Потом, повернувшись к Дюгеклену, он сделал шаг ему навстречу и приветствовал такими словами:

– Славный коннетабль, я принц Уэльский, и желаю, чтобы вы остались живы: ваша смерть создаст слишком большую пустоту в рядах храбрецов. Отдайте мне ваш меч, умоляю вас.

Дюгеклен был человеком, способным понять истинное великодушие: благородный порыв Черного принца растрогал его.

– Это слова честного рыцаря, – сказал он, – поэтому я могу понять даже англичанина, если он говорит такое.

И он опустил меч.

Услышав слова принца, англичане, наклонив к земле копья, не спеша, без гнева подошли к Дюгеклену.

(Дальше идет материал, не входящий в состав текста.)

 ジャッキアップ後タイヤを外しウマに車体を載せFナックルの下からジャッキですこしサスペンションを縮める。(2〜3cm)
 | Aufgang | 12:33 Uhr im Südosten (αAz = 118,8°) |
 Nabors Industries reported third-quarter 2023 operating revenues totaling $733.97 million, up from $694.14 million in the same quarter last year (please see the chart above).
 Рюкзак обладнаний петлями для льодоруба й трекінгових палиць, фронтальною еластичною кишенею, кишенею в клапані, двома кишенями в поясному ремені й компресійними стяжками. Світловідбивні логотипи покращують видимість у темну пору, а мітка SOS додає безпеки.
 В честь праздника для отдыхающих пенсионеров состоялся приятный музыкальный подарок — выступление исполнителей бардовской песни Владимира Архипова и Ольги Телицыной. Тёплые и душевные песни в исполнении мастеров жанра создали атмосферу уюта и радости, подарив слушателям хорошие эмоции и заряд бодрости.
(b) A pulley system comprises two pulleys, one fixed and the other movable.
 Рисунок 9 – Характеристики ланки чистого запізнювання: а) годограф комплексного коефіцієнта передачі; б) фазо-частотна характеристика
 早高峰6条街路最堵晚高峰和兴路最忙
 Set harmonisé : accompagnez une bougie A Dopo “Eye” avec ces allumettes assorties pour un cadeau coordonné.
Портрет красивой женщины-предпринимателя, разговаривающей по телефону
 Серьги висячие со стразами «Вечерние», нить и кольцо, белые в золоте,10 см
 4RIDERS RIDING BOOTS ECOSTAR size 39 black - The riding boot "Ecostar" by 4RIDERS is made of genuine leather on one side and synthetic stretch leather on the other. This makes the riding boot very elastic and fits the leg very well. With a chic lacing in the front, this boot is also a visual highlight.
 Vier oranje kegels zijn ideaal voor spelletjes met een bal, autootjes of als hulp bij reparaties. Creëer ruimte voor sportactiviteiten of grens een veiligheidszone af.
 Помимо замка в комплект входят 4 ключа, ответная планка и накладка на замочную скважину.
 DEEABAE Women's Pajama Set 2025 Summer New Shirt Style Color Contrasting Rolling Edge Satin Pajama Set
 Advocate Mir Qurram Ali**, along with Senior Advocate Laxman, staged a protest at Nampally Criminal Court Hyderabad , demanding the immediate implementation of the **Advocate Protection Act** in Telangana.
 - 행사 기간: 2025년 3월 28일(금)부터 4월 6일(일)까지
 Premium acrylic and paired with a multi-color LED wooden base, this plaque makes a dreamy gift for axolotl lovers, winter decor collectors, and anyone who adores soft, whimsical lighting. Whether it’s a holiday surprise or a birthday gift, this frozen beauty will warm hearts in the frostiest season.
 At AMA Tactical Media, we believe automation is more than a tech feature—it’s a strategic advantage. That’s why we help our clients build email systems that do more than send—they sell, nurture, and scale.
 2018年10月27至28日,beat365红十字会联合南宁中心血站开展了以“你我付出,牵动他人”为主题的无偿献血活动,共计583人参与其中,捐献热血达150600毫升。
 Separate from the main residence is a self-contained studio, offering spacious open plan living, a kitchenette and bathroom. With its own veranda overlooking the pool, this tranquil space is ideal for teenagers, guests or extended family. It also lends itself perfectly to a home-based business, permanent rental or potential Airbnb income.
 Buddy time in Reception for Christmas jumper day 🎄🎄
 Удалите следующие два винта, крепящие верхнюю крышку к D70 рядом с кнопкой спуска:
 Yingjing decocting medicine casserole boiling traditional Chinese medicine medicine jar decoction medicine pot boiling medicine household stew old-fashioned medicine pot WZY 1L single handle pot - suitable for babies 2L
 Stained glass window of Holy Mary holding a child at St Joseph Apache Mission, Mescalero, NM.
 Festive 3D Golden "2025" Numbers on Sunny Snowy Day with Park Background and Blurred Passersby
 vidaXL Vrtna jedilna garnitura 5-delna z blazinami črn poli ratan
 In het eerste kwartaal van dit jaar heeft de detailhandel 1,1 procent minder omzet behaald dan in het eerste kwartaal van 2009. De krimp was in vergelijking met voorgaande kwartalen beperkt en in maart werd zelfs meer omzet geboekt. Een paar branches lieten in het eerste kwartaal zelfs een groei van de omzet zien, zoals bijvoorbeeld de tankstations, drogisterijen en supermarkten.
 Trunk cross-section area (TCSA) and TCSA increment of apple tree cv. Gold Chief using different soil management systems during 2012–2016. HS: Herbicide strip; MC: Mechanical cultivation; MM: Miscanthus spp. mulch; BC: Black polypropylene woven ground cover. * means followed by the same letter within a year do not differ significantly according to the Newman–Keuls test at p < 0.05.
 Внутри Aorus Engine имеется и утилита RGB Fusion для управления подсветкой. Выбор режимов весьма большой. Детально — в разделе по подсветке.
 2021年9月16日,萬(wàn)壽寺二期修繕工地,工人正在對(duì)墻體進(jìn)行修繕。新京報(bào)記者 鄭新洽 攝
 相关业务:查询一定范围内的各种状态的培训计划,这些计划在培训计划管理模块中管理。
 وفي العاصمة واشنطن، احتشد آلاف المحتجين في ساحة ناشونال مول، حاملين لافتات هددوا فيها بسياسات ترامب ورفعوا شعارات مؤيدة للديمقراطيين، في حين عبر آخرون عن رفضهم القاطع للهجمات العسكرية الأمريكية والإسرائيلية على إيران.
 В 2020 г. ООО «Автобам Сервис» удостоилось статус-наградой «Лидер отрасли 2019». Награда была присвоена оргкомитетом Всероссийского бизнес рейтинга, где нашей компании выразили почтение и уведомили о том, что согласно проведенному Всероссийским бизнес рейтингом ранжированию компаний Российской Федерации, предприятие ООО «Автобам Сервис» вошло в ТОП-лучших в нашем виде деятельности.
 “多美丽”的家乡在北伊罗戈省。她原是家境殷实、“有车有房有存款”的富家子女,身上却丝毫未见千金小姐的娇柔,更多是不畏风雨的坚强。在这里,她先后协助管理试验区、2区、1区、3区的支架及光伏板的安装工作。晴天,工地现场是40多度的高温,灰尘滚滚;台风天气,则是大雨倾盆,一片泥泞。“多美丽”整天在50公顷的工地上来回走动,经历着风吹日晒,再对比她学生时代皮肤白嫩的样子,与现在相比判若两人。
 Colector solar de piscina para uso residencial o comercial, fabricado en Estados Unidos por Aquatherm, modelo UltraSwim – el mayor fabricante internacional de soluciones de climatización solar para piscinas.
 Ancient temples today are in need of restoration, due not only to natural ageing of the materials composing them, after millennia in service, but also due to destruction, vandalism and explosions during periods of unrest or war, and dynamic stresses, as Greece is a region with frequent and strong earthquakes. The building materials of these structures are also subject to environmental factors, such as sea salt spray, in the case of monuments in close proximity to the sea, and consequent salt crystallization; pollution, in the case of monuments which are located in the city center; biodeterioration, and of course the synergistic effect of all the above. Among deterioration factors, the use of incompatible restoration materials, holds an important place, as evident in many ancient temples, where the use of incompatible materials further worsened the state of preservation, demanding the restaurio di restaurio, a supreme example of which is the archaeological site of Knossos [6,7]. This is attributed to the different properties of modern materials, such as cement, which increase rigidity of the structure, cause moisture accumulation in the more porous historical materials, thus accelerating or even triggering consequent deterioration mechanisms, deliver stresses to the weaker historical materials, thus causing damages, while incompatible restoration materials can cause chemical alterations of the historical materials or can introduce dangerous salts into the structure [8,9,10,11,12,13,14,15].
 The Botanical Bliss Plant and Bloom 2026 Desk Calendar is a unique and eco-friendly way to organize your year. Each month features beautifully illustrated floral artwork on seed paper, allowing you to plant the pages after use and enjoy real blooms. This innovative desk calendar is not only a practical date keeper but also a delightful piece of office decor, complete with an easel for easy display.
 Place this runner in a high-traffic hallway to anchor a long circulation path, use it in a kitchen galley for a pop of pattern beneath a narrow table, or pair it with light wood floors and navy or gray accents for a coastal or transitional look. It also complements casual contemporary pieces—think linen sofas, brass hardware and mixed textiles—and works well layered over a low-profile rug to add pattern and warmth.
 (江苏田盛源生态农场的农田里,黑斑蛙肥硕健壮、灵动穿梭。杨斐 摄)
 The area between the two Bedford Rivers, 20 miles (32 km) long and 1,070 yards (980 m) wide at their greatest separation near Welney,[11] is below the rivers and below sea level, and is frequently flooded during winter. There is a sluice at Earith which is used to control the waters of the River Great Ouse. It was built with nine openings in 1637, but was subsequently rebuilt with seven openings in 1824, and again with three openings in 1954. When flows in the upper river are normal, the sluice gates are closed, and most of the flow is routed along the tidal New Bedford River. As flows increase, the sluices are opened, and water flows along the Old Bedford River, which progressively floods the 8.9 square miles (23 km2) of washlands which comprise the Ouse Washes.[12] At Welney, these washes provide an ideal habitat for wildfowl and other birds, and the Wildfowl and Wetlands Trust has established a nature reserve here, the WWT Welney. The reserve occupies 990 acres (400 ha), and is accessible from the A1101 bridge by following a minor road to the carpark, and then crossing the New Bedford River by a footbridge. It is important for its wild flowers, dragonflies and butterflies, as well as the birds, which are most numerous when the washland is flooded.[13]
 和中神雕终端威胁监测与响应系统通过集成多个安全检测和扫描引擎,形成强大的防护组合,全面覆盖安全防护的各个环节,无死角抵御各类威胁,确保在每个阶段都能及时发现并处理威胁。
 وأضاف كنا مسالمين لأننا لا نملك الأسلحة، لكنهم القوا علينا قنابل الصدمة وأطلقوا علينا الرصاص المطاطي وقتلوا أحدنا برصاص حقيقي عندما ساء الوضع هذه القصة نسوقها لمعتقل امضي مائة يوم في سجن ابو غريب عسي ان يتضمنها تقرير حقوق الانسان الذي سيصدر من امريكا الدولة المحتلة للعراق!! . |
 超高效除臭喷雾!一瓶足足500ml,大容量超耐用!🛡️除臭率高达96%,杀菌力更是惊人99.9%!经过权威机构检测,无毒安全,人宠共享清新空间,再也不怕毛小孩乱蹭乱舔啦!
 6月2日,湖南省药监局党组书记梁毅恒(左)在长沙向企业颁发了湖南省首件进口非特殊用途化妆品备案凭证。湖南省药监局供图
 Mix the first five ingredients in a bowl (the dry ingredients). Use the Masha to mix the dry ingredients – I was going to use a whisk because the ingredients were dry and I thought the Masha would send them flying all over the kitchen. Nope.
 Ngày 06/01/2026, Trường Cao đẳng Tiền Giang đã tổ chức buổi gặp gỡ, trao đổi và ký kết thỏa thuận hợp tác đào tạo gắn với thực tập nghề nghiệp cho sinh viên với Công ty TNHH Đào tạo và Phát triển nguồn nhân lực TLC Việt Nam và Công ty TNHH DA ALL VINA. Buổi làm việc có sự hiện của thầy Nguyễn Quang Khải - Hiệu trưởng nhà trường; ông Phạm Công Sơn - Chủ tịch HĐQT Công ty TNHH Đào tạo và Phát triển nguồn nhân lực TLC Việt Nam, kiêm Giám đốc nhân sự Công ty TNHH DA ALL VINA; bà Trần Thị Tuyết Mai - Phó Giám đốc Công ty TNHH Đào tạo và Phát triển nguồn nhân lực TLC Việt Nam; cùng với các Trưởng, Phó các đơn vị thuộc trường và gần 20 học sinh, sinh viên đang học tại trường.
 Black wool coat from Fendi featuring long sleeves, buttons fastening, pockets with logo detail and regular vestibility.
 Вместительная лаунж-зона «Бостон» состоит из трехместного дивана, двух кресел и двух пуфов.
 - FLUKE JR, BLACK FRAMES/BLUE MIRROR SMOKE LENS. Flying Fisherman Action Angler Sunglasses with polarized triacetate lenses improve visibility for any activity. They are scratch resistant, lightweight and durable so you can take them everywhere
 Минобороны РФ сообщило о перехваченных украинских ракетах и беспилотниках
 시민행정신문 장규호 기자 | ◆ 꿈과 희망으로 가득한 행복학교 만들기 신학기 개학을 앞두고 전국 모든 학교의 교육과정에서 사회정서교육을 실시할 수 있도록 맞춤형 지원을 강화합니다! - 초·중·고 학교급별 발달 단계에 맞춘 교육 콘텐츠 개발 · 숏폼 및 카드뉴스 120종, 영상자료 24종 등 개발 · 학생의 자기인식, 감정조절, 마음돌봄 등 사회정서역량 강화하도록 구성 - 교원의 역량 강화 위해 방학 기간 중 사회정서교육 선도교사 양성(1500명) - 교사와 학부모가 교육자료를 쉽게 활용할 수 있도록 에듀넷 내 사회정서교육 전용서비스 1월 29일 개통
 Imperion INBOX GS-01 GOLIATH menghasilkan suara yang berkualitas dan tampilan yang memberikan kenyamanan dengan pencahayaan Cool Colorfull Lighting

Коннетабль взял свой меч за лезвие и хотел вручить его принцу.

Однако неожиданно прискакал на взмыленном коне дон Педро, чьи сильно помятые доспехи были забрызганы кровью. Он отказался преследовать беглецов, решив атаковать тех, кто еще сопротивлялся.

– В чем дело? – вскричал он, бросаясь к коннетаблю. – Как! Вы даруете жизнь этим людям! Нам никогда не быть властелином Испании, пока они живы. Нет им пощады! Смерть им! Смерть!

– Вот что! Этот человек – дикий зверь, – воскликнул Дюгеклен, – и сдохнет, как дикий зверь!

И когда король кинулся на него, он за лезвие поднял свой меч и нанес железной рукояткой такой сильный удар по голове дона Педро, что тот, сникнув под ударом, который свалил бы и быка, оглушенный, полумертвый, рухнул на круп своего коня.

Дюгеклен снова замахнулся своим грозным оружием. Но, бросившись навстречу принцу, он оставил за собой свободное пространство; сюда проскользнули два англичанина, и, когда Бертран поднял обе руки, один схватил его за шлем, а другой обхватил за пояс. Тот, кто схватил его за шлем, тянул Бертрана назад, а тот, кто обхватил его за пояс, пытался свалить с седла.

– Мессир коннетабль, – кричали они, – плен или смерть!

Бертран поднял голову и, сильный, как дикий бык, вышиб из седла англичанина, который обхватил его за шею; одновременно, проткнув острием шпаги нашейник англичанина, державшего его за пояс, он пронзил ему горло и кровью ответил на этот вызов.

Тогда добрая сотня англичан, каждый из которых был готов обрушить удар на гиганта, бросились к Дюгеклену.

– Посмотрим, – громовым голосом вскричал Черный принц, – посмотрим, какой смельчак посмеет тронуть его хоть одним пальцем!

Самые яростные сразу же отпрянули назад, и Дюгеклен оказался свободен.

– На сегодня хватит, дорогой принц, – сказал он, – я обязан дважды отдать вам мой меч. Вы самый великодушный победитель на свете.

И он отдал меч принцу.

Аженор хотел было протянуть и свой.

– Вы что, спятили? – шепнул ему Бертран. – Под вами добрый свежий конь. Бегите, пробирайтесь во Францию, передайте доброму королю Карлу, что я в плену. А если он не захочет ничего для меня сделать, отправляйтесь к моему брату Оливье. Он все уладит…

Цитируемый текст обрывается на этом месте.